## Work instruction
Everything from the line containing "The WSF has" through the final line below must be output exactly, both ends included, with nothing else and no pictures.

+++ Excerpted records +++

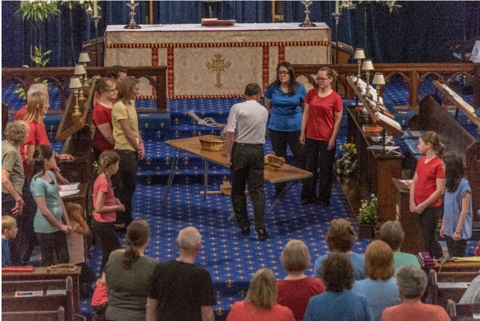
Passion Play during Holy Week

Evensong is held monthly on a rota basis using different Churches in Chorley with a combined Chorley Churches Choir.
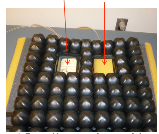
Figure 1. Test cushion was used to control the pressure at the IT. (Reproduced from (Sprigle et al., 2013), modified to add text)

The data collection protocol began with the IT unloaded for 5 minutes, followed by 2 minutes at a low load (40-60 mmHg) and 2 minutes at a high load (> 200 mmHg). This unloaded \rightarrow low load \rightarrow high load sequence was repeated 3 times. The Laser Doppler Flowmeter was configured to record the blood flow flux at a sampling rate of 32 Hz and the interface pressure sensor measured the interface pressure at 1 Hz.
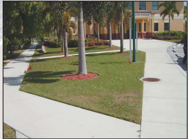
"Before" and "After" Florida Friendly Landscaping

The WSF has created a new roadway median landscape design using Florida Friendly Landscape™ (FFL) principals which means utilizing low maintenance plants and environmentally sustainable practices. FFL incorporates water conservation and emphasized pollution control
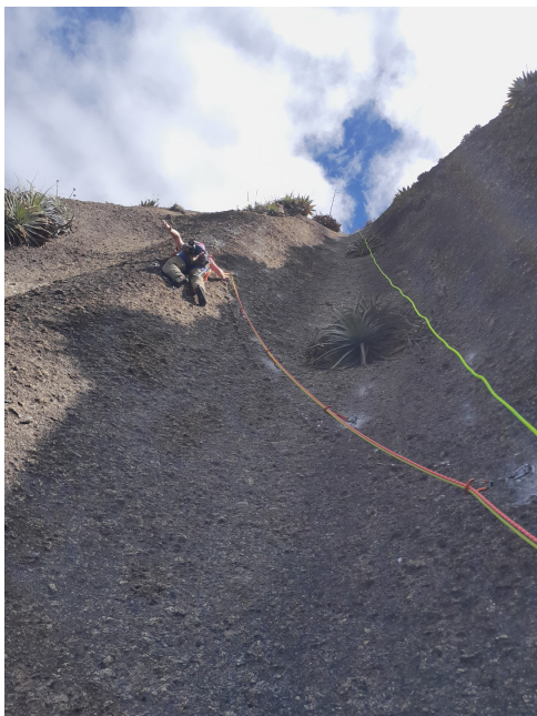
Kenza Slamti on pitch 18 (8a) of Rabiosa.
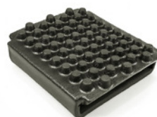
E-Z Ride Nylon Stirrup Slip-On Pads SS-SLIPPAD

+++

## Exercise solution
The WSF has created a new roadway median landscape design using Florida Friendly Landscape™ (FFL) principals which means utilizing low maintenance plants and environmentally sustainable practices. FFL incorporates water conservation and emphasized pollution control
Kenza Slamti on pitch 18 (8a) of Rabiosa.
E-Z Ride Nylon Stirrup Slip-On Pads SS-SLIPPAD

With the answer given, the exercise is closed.